# Bumps on Back and Side - Pics...Need some help please



## Brando999

My boy's developed some bumps on his back and side. They first appear as almost like lumps under the skin - then turn into almost a zit that you can squeeze and a little bit of blood comes out. There's also a bit of hair missing as well in some spots - but overall whatever it is, it doesn't seem to bother him terribly.

I've added some pics - if anyone can help me out that'd be great.

Thanks


----------



## ashes

U should prob take ur dog to the vet they can take a tissue sample if there's blood coming out when u squeeze it. They could be dry spots or mange in it's early stages but keep an eye on it and see if it's worsens or spreads.
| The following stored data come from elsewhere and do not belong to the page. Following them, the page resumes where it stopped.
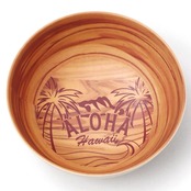 ダイヤモンドヘッド、パームツリーと美しい波がウッドに描かれたナチュラルテイストのウッドボウル。厚みがあり丈夫なバンブー素材を使用。サイミン〔ハワイアンラーメン)にも最適。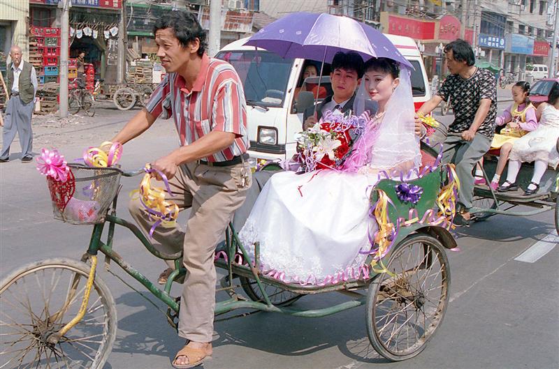 當一些新人爭相用“奔馳、寶馬”等,高檔轎車作為迎親婚車的年代,2002年10月8日上午,武漢市武昌區(qū)和平大道上,卻出現(xiàn)了一隊用人力三輪車作為婚車的迎親車隊(人力三輪車在武漢叫做“麻木”,是最土氣的交通工具),成為一道靚麗的風(fēng)景,引來不少路人駐足觀看。石一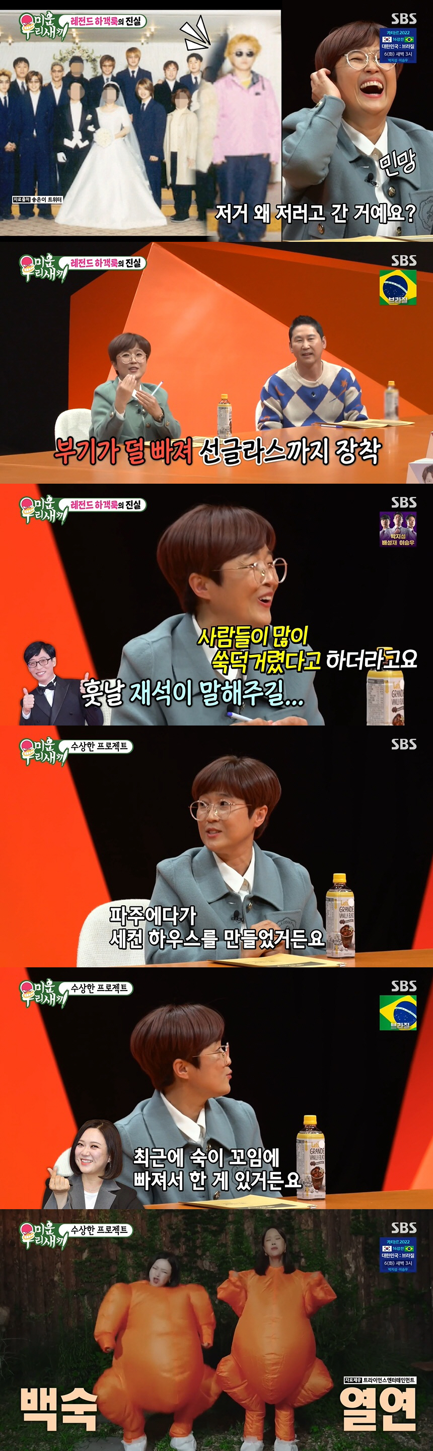 또 송은이는 노란 머리에 선글라스, 핑크색 재킷 등 파격적인 스타일로 레전드가 된 결혼식 하객 룩의 비하인드 스토리를 공개했다. 그는 "저 당시 상황을 말씀드리면 유재석, 이휘재 다 같은 소속사였을 때다. 근데 소속사 사장님이 내게 '넌 너무 개성이 없다. 변화를 줘라'라고 지령을 내려서 태어나서 처음으로 염색을 했다. 그리고 저 때 쌍꺼풀 수술하고 얼마 안 됐을 때라 부기가 덜 빠져서 부기 있는 눈으로 가는 것보다는 선글라스 쓰는 게 낫다고 생각했다"고 말했다. 이어 "솔직히 말하면 난 그때 내가 이상하거나 튄다고 생각 못 했다. 근데 훗날 유재석한테 들었더니 내가 지나갈 때마다 사람들이 쑥덕거렸다고 하더라"고 전해 웃음을 안겼다.

I would just take my dog to the vet.


----------



## aimee235

How old is your dog? Does it have fleas? What are you feeding him?


----------



## Wingman

Does your dog have fleas? Does it play out in an area with sand/dirt? My dog gets similar bumps occasionally from being outside. She'll get ate up by chiggers or sand fleas...and since our entire yard is sand it happens. lol


----------



## PerfectPit

I would take your dog to the vet,it's better to be safe then sorry. But I agree with Wingman, we also have a yard of sand and my dog got bumps on him from flea bites now I treat my yard and dog regularly and it has disappeared.


----------



## Alitlebit_ofJACK

Thats how my dog started off before I found out he had red mange


----------



## k8nkane

I don't have a sandy yard at all and my pup Kane got those same exact bumps, same progression, same non-reaction to them. His were on the back of his neck and the top of his head though.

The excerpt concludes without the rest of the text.